Market benchmark ports-to-telecoms conglomerate Hutchison Whampoa Ltd's widened by two basis points (bps) to 117/111 (bps) over comparable US Treasuries.
Rising oil prices and higher USTreasury yields have rattled sentiment in emerging market debt in Asia, affecting the issue plans of at least two dollar-bond offerings.
Last week, South Korea's National Agricultural Co-operative Federation (NACF) put off a $400 million, 10-year bond sale and Thai Military Bank delayed a 10-year bond issue of up to $250 million.
Dacom Corp, South Korea's second-biggest fixed-line operator, said it would decide on the sales date of $300 million in bonds "depending on the market situation".
The company is marketing the deal in the United States on Monday.
Indonesia is also promoting a $1 billion global bond, its second sovereign issue since the Asian financial crisis.

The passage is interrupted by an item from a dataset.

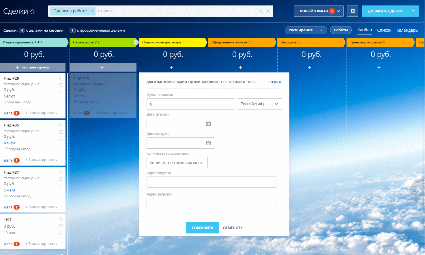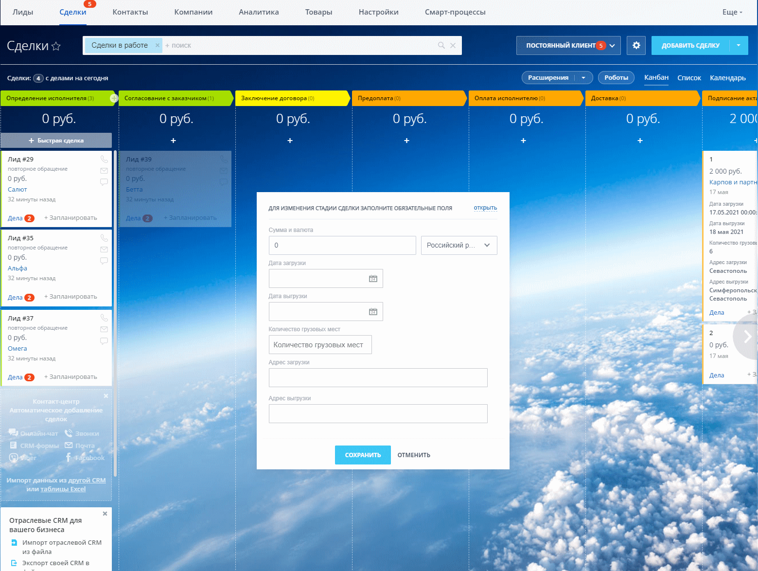 Отраслевое решение создано для транспортных компаний и частных перевозчиков с автоматизацией сценариев «Обработки первичных обращений в разделе «Лиды» и сценариев работы по сделкам «Новый клиент» и «Постоянный клиент» с автоматической постановкой задач на каждом этапе.

Indonesian Finance Minister Jusuf Anwar said late on Friday his country would delay the deal if the yield that investors demanded was pushed too high.
However, many analysts see the present sell-off as a buying opportunity.
"We think the recent sell-off has created an opportunity to get back into Asian bond market at more reasonable levels - something we have been waiting for the past few months," said J.P. Morgan in a research note.
The March 18 report recommends buying on declines into higher quality credits and with the return of stability in the market to buy into high-yielding credits with strong or improving fundamentals.
Analysts say a gradual pick-up in US Treasury yields is favourable for credit spreads, compared with a more volatile rise, but what could trip the market is any change in the language used by the US Federal Reserve.
A quarter percentage point rise in US interest rates to 2.75 percent is widely expected, the seventh in this cycle.